UnitedHealth Group joined Eli Lilly in proposing the Medicare pilot project that allowed drugmakers and plans to voluntarily offer at least one insulin at $35 per month. In January 2020, Ricks said he met with Verma, and the two, who both have deep roots in Indiana, shook hands on the idea.
Verma said the copay amount that Lilly and UnitedHealth proposed was lower than the number the government was considering at the time.
“I know the two political parties don’t like to give credit to anyone on the other side. But the reality is, this is like a great example of how government should work,” Ricks said.
UnitedHealth Group did not respond to a request for comment about the company’s role.
The Trump administration’s demonstration marked an early appearance of the $35 monthly amount for insulin copays. States had just started capping insulin costs through their state benefit plans when the Medicare pilot project was announced in March 2020. Colorado and Illinois had set their caps at $100 per month, and New Mexico set its cap at $25 per month.

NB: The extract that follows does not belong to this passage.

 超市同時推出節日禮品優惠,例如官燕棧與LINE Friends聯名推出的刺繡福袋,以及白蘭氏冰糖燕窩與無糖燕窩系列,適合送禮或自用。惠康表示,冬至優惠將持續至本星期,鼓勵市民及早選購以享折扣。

Roughly 1.5 million seniors were paying more than $35 per month for insulin before the policy experiment and new law kicked in, according to data released by the Department of Health and Human Services.

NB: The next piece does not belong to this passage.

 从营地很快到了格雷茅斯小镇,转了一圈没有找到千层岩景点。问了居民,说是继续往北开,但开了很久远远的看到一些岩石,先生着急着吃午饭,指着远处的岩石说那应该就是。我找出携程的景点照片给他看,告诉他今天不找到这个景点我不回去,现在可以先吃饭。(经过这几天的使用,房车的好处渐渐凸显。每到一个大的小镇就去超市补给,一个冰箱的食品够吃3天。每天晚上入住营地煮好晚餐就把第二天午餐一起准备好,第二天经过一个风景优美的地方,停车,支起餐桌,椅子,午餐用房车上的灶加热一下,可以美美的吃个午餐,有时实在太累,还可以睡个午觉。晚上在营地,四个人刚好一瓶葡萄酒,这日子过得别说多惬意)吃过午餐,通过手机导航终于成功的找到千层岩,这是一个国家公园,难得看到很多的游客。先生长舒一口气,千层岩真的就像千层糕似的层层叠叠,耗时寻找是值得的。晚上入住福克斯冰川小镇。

Under the Trump policy experiment, patients stayed on their insulin longer, so Lilly sold more insulin, but since the company was paying part of consumers’ costs, the end result was “about a wash” for the bottom line, Ricks said.

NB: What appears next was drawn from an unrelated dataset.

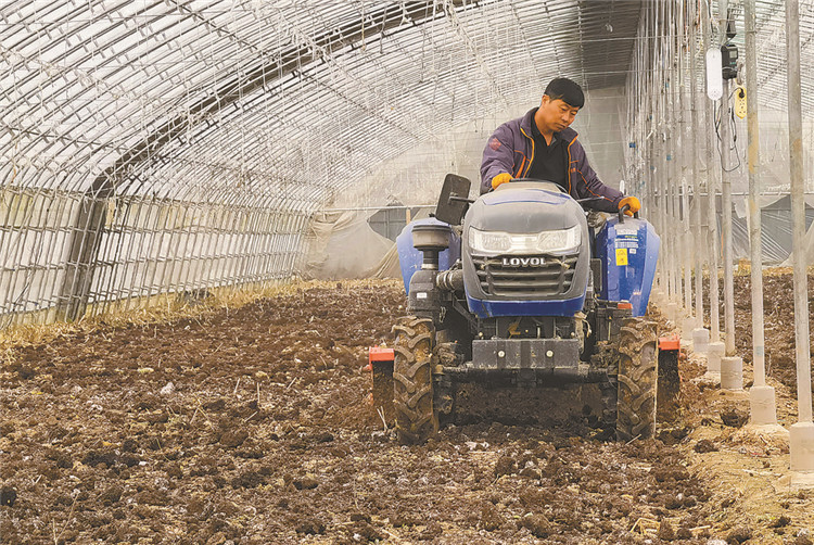 三河市李旗庄镇小庄子村村民,正在用旋耕机翻耕土地。 通讯员高澍摄

Under the Biden administration, the policy got bigger and more permanent when Democrats in Congress codified a $35 per month insulin copay cap for Medicare patients as part of the Inflation Reduction Act passed in 2022.
Congressional aides tell different stories about exactly how the Inflation Reduction Act’s insulin copay caps, which were crafted exclusively by Democrats, ended up at the exact same $35 per month level as the Trump experiment.
Wendell Primus, former House Speaker Nancy Pelosi’s top health care policy aide and currently a visiting fellow at the Brookings Institution, said House Democrats didn’t initially support the policy because it singled out a specific disease area. But the idea was politically popular, so the policy advanced. Ultimately, he said the $35 per month copay was chosen because it was around the average out-of-pocket cost for diabetes drugs at the time, and it didn’t cost the government much money.
But another congressional Democrat involved in drafting the legislation said the amount explicitly mirrored the Trump-era pilot project.
Regardless of how it got there, $35 insulin persisted in Democrats’ drug pricing reform law. It was widely implemented starting Jan. 1, 2023.
The Inflation Reduction Act significantly expanded the protections for patients using insulin. Under the new law, offering covered insulins at $35 per month became mandatory, not optional, for more insurance plans, said Vanderbilt University health policy professor Stacie Dusetzina. The legislative cap applied to insulin delivered through a pump, too.
“It’s one part of the IRA we actually like,” Ricks quipped. Generally, the pharmaceutical industry vehemently opposed the other drug pricing policies Democrats passed.
Now that the policies have been in place for a couple years, the results of the copay caps have started coming in.
An evaluation of the Trump insulin experiment by the RAND Corporation showed that people who used insulin in plans in the pilot had decreased out-of-pocket costs, and filled one additional 30-day prescription a year.
However, the same study showed that people in the plans who didn’t use insulin paid more. And a survey showed that only about one-third of respondents actually took insulin costs into consideration when they chose their insurance plans.
Ricks’ ambitions don’t stop at insulin. He’s pushing copay caps for medicines for other chronic diseases.
“I think the success of the insulin experiment should be pointed out, and that it wasn’t that expensive, and people’s outcomes will get better,” he said.